←back to thread

Shai-Hulud malware attack: Tinycolor and over 40 NPM packages compromised

(socket.dev)
1208 points jamesberthoty | 1 comments | 16 Sep 25 11:22 UTC | HN request time: 0.96s | source
Show context
foxfired ◴[16 Sep 25 21:41 UTC] No.45268501[source]
My problem is that, in the JS ecosystem, every single time you go through a CI/CD pipeline, you redownload everything. We should only download the first time and with the versions that are known to work. When we make a manual update to version, than only that should be downloaded once more.

I just checked one of our repos right now and it has a 981 packages. It's not even realistic to vet the packages or to know which one is compromised. 99% of them are dependencies of dependencies.

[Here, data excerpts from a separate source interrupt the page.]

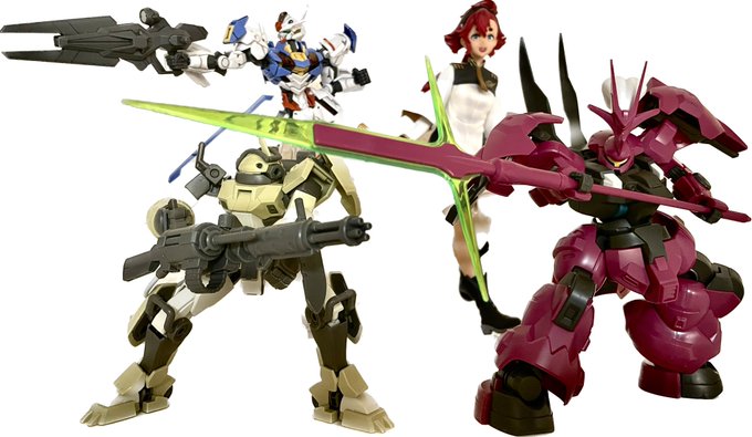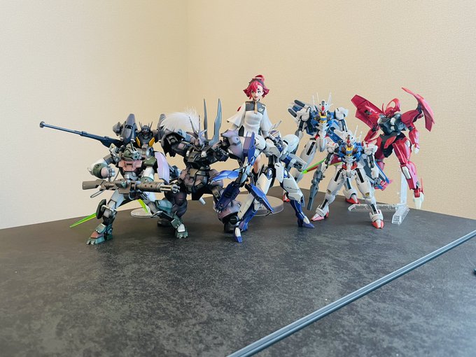 #ガンプラ #ガンプラの画像貼るとRTされると聞いて #ガンダムエアリアル #エアリアルフルメカニクス ほんまに躍動感半端ない。稼働がえぐい。 HGを並べたけどこの躍動感はHGでは表現難しい😅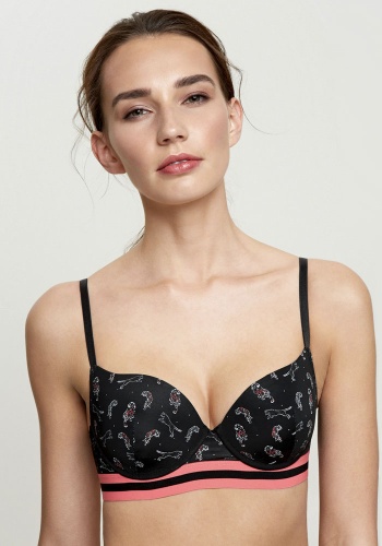 Бюстгальтер классической формы с формованной чашкой с Push-up для размеров 70AB, 75ABC, 80B и без Push-up для размеров 70C, 75DE, 80CDE, 85BCD. Детали бюстгальтера выполнены из эластичного полотна. Бретели эластичные, не съёмные.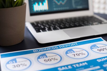 Laptop with graph chart report screen on work table. Home office or work space. Strategy analysis financial accounting concept

Where do we even get started?

replies(3): >>45268537 #>>45268574 #>>45268604 #
1. homebrewer ◴[16 Sep 25 21:50 UTC] No.45268604[source]
Generate builder images and reuse them. It shaves minutes off each CI job with projects I'm working on and is non-optional because we're far from all major datacenters.

Or setup a caching proxy, whatever is easier for your org. I've had good experience with nexus previously, it's pretty heavy but very configurable, can introduce delays for new versions and check public vulnerability databases for you.

It's purely an efficiency problem though, nothing to do with security, which is covered by lock files.